Нелегко "танцевать по эту сторону решетки" автору, запечатлевшему для
многих поколений многоголосицу седьмого вагона -- едут матери и сестры в
лагеря, мечтают, вспоминают детей, и вдруг время словно булгаковский Воланд
приоткрывает будущее мечтателей. Двуплановое восприятие бросает свой
зловещий, свой безысходно-смертоносный свет. Мы узнаем, что маршрут седьмого
вагона для большинства -- последний маршрут... А смертники шутят, поют,
читают стихи... Ужас -- шутка, ужас -- смех. Пожалуй, это не прием, не
"психологические волны", хотя многим и покажутся приемом... Это -- стихия,
неунывающий характер Евгении Семеновны, которая, ожидая расстрела,
закручивает локоны на палец, пудрит нос зубным порошком, да еще отмечает про
себя, усмехнувшись горько своим привычным жестам: "Ничего удивительного.
Шарлотта Корде тоже прихорашивалась перед гильотиной".
С первых строк звучит в книге оголенная правда фронтовой прозы: "Я не
подписала лживых обвинений, но скорее всего потому, что меня не били. Мое
следствие закончилось еще до начала широкого применения "особых методов".

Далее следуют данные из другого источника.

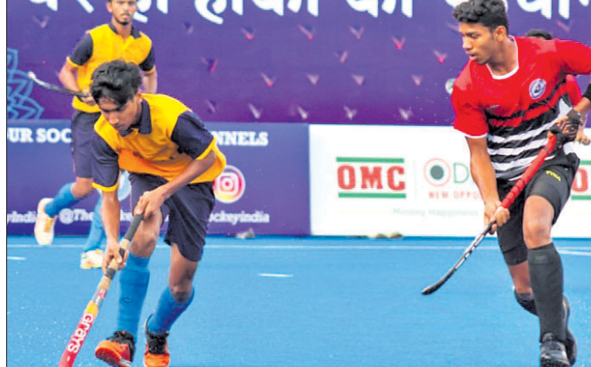
ମଧ୍ୟପ୍ରଦେଶ ଓ କେରଳ ମଧ୍ୟରେ ମ୍ୟାଚର ଦୃଶ୍ୟ।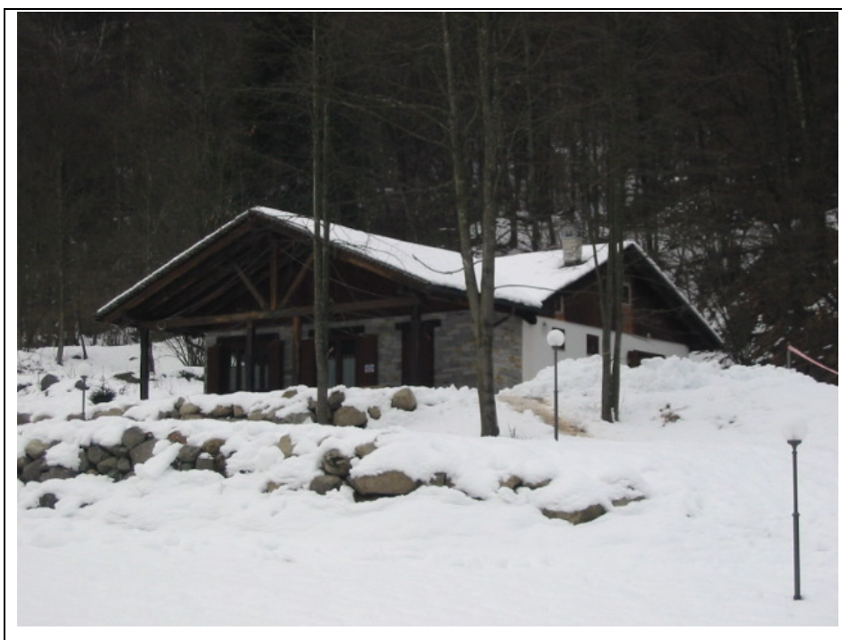
Foto n. 11 Bar Trattoria “Piano delle Fate” lungo la Strada Semiprovinciale Varallo-Fobello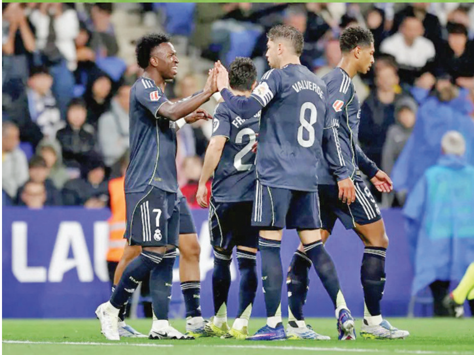
• ريال مدريد... يتقدم

ومع تبقي أربع مباريات على نهاية الموسم، يتصدر برشلونة الترتيب برصيد 88 نقطة، بفارق 11 نقطة عن ريال مدريد صاحب المركز الثاني، قبل مواجهة الفريقين في المركز الثاني، قبل مواجهة الفريقين في كامب نو مطلع الأسبوع المقبل في مباراة القمة التي قد تؤكد فوز الفريق الكتالوني باللقب للموسم الثاني على التوالي

"Мысль о них (детях -- Г.С.) лишала меня мужества". Е. Гинзбург беспощадна и
к самой себе, и к зэкам-сталинисткам, и к эсеркам, отвергающим папиросы
Евгении Семеновны, поскольку та не бывала в оппозиции. Атеистка, она говорит
не тая, что поддерживала ее в смертельно опасные дни великая стойкость
религиозных крестьянок: крестьянки отказались на Пасху работать, и тогда их
разули и поставили в холодную воду, выступившую надо льдом озера.
"Они стояли босиком на льду и продолжали петь молитвы, а мы, побросав
свои инструменты, метались от одного стрелка к другому, умоляя и уговаривая,
рыдая и плача".
"Крутой маршрут" (ч. 1) издан за последние десять лет, наверное, во
всех уголках земли. Кроме России*.
По-видимому, нетрудно понять теперь, отчего был так взбешен тогдашний
министр госбезопасности СССР Семичастный, который угрожал Е. Гинзбург в
печати.
Быть бы Евгении Семеновне в беде, если б Семичастного не сняли: устроив
облаву на сбежавшую дочь Сталина, он провалил многих своих разведчиков, не
подготовленных для ловли дочерей Сталина.
Изгнание Семичастного спасло Е. Гинзбург.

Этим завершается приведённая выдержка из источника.